Specialized departments that are not core to the business should exist as enablers—not as blockers. Today, many functional departments are being held hostage by experts who have forgotten their mandate to serve and instead seem to focus endlessly on all the wrong things. I’m not saying that these departments shouldn’t exist—but they need to remember their mandate.

Marketer, Heal Thyself

Marketing might be the most egregious example of craft versus skill siloing in the entire enterprise. Marketing has become technical over the past two decades. Digital data, martech software, attribution modeling, customer and audience segmentation and insights, and propensity to buy are not nice-to-have; they these are marketing’s primary use cases.

And yet, marketing departments remain siloed, in some cases with marketing analytics separate from “execution” groups, and in an even more extreme model, outsourcing anything technical to general “analytics centers of excellence.” It is time to start transitioning away from these models, and to make marketing itself analytical. Concretely, marketing teams should own their data, tools, and analysis, in the same way that accounting teams own the general ledger and finance teams own forecasts and cap tables. Most specifically, if marketing is truly the customer customer-facing aspect of the enterprise, then they should own customer data.

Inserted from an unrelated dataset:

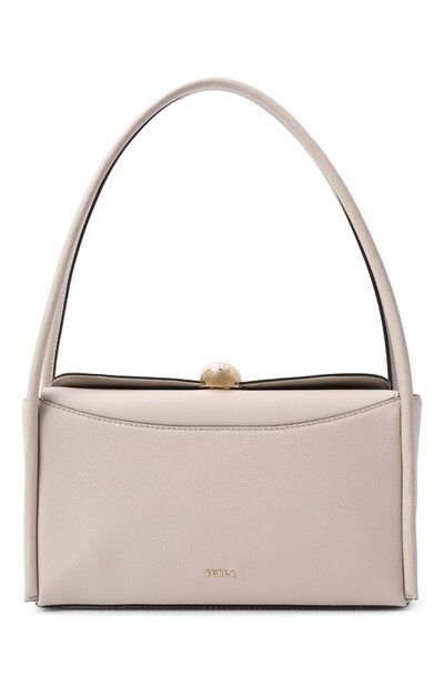 Сумку Nicole из зернистой и гладкой телячьей кожи дополнили двумя внутренними карманами: открытым и на молнии. Магнитную кнопку на откидном клапане украсили фирменной брендированной полусферой.

Of course, there will always be newer technologies that require specialized skills. Econometric modeling, for example, the method behind mixed media modeling (MMM,) demands statistical expertise and experience. However, writing SQL queries to derive dataframes that get to the bottom of why a set of customers are defecting at higher rates is not, as of 2025, something that requires a special department.
The same goes for ad hoc analysis using Python and R. AI copilots have made code writing pretty straightforward. Marketers who understand the basics of objects, functions, and loops should be able to quickly piece together analysis notebooks themselves—and doing so will make them much more intimate with their data and their customers.

Federated Data

Marketing data remains a more complex issue than analytical tooling; we will never get to a place where data are fully democratized, nor do we want to. Without steady ground, no one will ever agree on the truth. However, too much focus on control leads to sclerosis and “paved cow paths” around formal data flows.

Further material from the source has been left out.